BEGIN Record excerpts

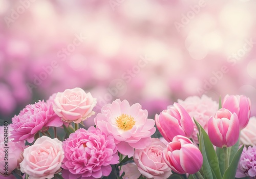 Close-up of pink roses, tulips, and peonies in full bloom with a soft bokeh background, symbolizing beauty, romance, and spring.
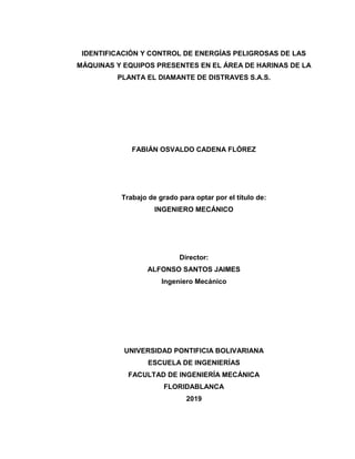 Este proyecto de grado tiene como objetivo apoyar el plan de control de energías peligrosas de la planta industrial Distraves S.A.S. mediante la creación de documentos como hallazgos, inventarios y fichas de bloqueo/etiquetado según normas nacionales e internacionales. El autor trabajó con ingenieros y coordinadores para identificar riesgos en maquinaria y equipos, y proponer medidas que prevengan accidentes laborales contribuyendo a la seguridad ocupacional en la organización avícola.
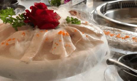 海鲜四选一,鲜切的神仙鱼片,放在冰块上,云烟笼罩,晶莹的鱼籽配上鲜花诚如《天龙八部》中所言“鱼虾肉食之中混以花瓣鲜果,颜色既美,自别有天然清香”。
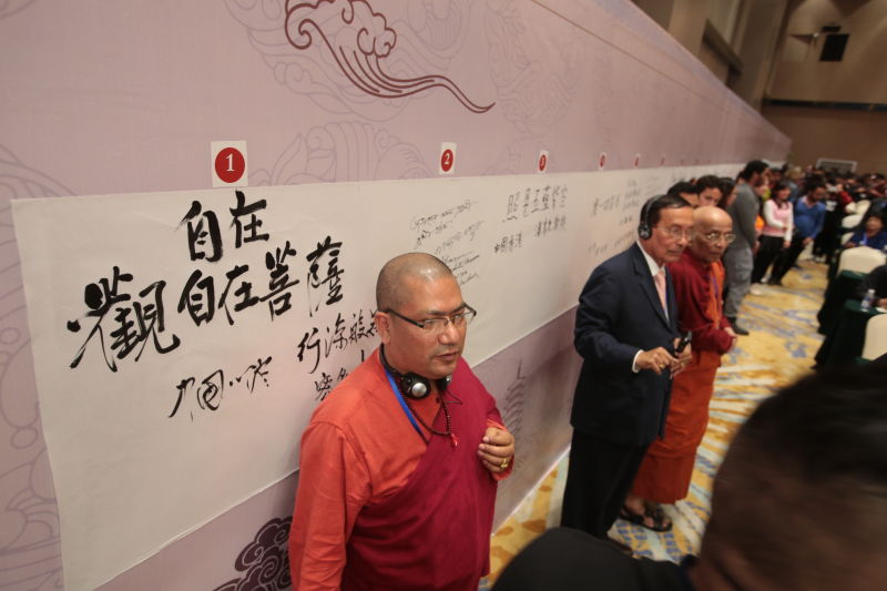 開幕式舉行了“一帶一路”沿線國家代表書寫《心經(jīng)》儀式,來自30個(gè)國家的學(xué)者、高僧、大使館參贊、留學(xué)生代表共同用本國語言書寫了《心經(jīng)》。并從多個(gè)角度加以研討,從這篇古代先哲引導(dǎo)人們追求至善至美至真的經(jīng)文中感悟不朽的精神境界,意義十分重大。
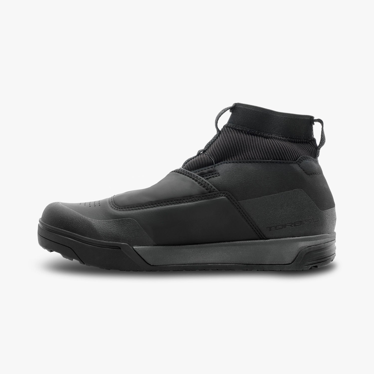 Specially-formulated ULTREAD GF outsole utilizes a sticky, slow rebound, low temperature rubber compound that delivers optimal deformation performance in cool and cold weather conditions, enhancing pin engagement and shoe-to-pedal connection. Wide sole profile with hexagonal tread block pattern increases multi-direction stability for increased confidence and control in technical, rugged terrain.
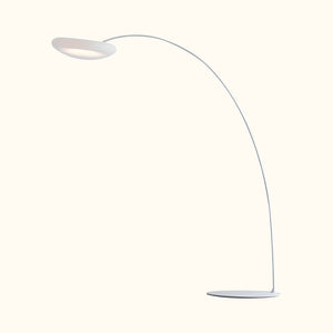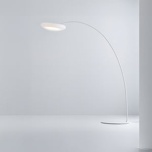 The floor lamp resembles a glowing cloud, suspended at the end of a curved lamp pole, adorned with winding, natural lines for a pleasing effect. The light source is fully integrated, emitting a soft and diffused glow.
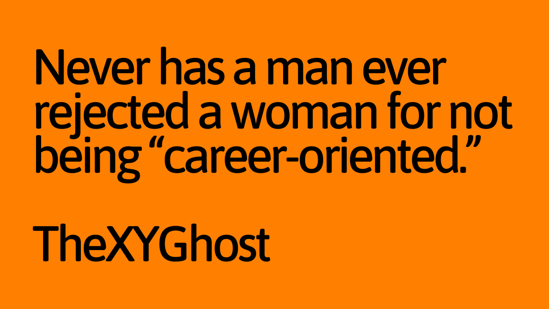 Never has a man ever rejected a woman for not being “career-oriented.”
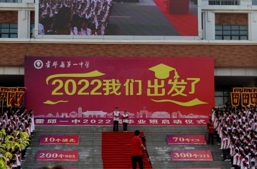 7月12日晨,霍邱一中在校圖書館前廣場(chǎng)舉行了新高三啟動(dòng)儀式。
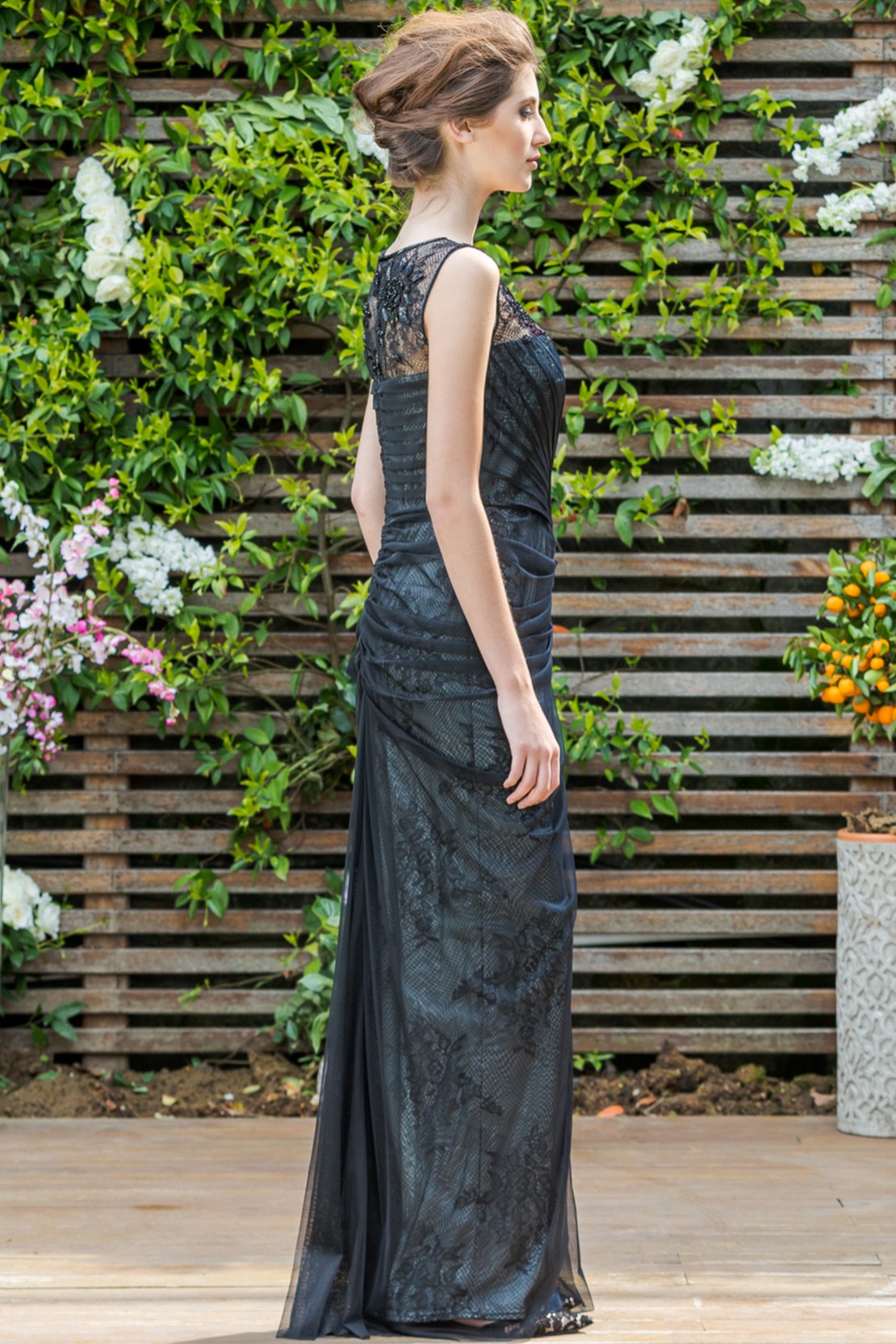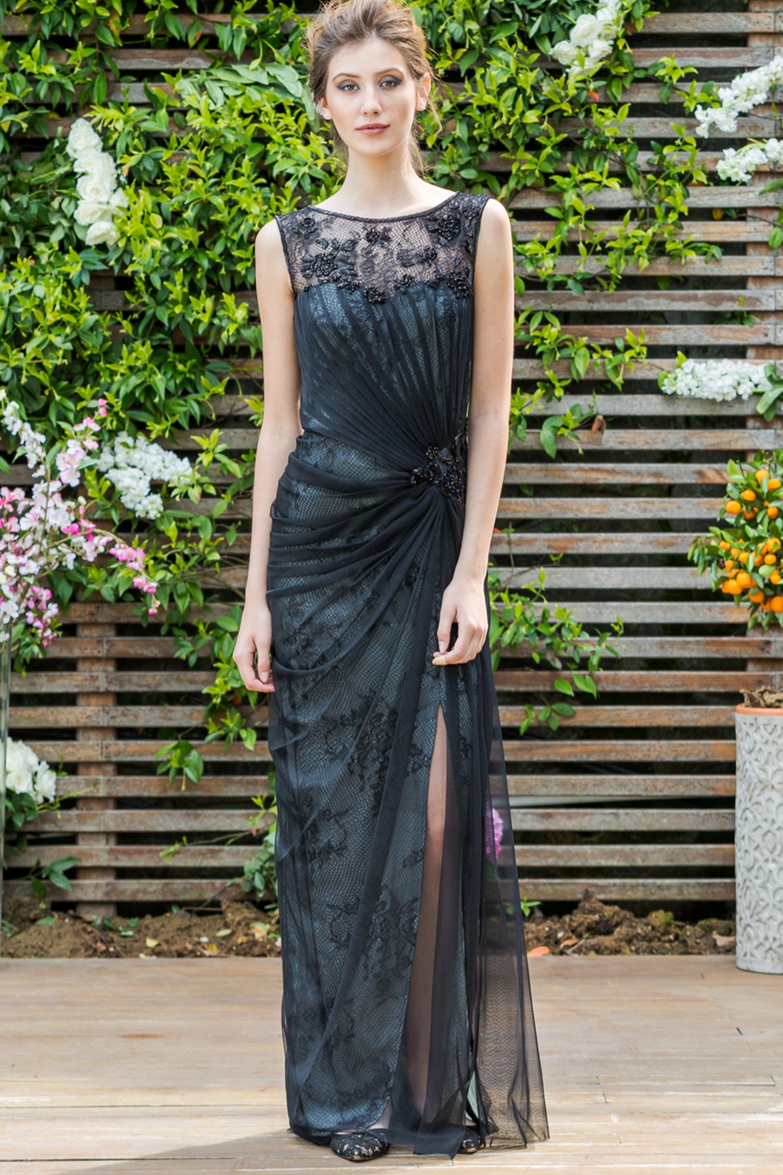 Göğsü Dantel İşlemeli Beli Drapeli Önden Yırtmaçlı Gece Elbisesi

END Record excerpts

:: Exercise objective ::
Of the entries above, print exactly those lines that run from the one containing "Never has a" through the last line, excluding any pictures.

:: Answer to the problem ::
 Never has a man ever rejected a woman for not being “career-oriented.”
 7月12日晨,霍邱一中在校圖書館前廣場(chǎng)舉行了新高三啟動(dòng)儀式。
 Göğsü Dantel İşlemeli Beli Drapeli Önden Yırtmaçlı Gece Elbisesi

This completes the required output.